If schools don't open on August 24, it's not just children that will be affected. UNRWA is one of the largest employers in many the Palestinian refugee communities. Around 22,000 local staff are employed in its UN schools across the region. In Gaza, where unemployment stands at 43 percent, the highest in the world, UNRWA is the second-largest provider of jobs after the public sector.

The likely closures have already sparked anger in Palestinian communities which see the UNRWA as failing them. In Gaza, where approximately 22,500 children depend on UN schools, rallies outside the agency's buildings now attract scores of protesters on a weekly basis. Eggs and shoes have been hurled at the offices during demonstrations.

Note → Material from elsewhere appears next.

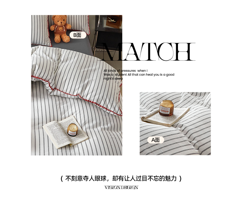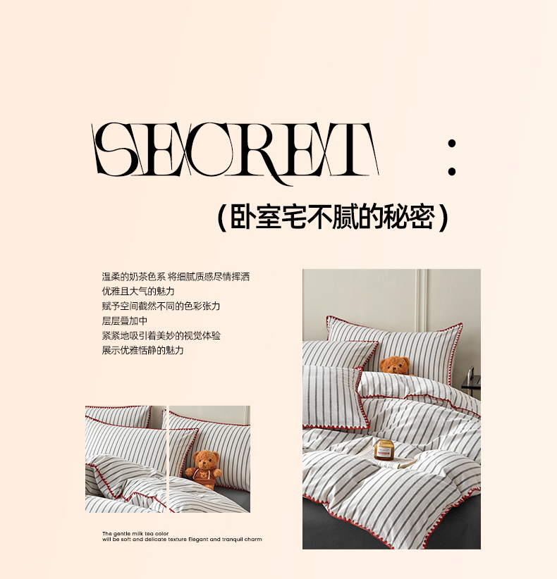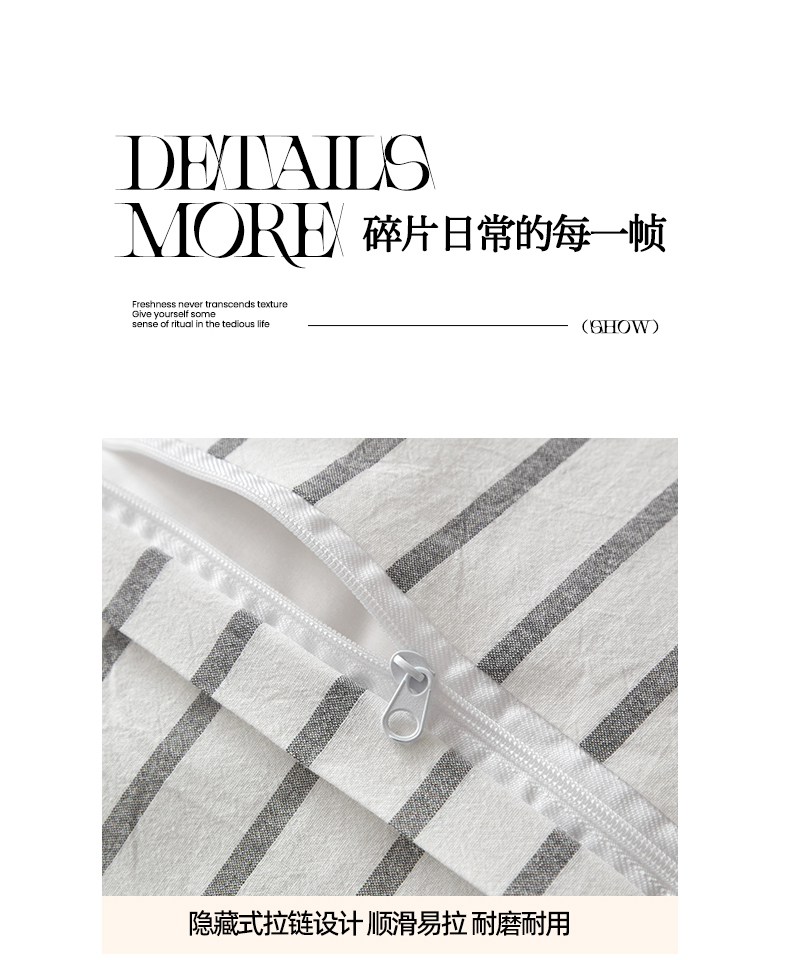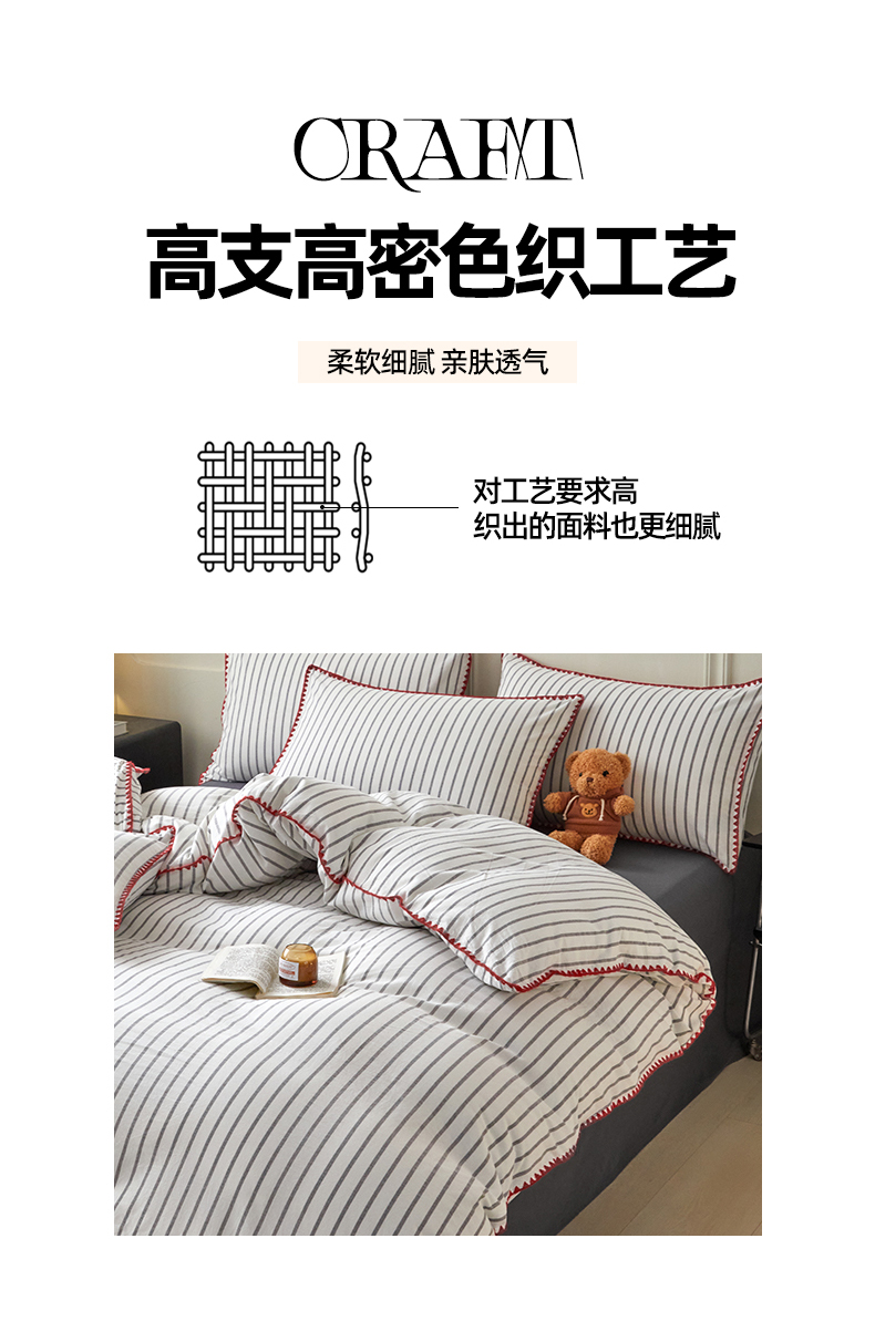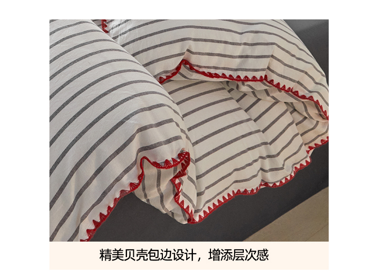 商品名称:吉象家纺 2024新款A类全棉色织水洗棉贝壳边三角针四件套 时光浅灰

BADIL, a West Bank-based NGO advocating for refugee rights, said that the shortfall revealed "a fundamentally flawed and — ultimately — entirely unsustainable approach" to the UN's protection of displaced Palestinians.

On Tuesday Ahmad Assaf, spokesperson for the Palestinian Authority's ruling party Fatah, called on international donors to step-up and donate or risk "refugees being drawn into extremist terror organizations."

Related: 'We're Watching, Waiting, Expecting the Worst': Syrians Are Escaping Jordan's Refugee Camps for Black Market Labor

In Jordan UNRWA employees have staged sit-ins outside the agency's headquarters in Amman. The country hosts the largest population of displaced Palestinians in the world as well as more than 618,000 Syrian refugees and says it is unable to cope with the burden of providing health, social and humanitarian services to the ever-burgeoning population.

"There's a lot of frustration being directed at us," one of the UNRWA's workers, who did not want to be named, told VICE News outside a UN complex in Gaza City.

"It's understandable, for Palestinian people education is about dignity and [the] opportunity for a better life… but if schools don't open it's going to become difficult to work here… thousands of children are going to be stuck at home missing their education, a lot of breadwinners won't take home paychecks that support whole families. There's a 'what next?' mentality and a lot of anger, that can easily boil over in a crowd situation."

A final decision on the school closures may come as early as Friday afternoon.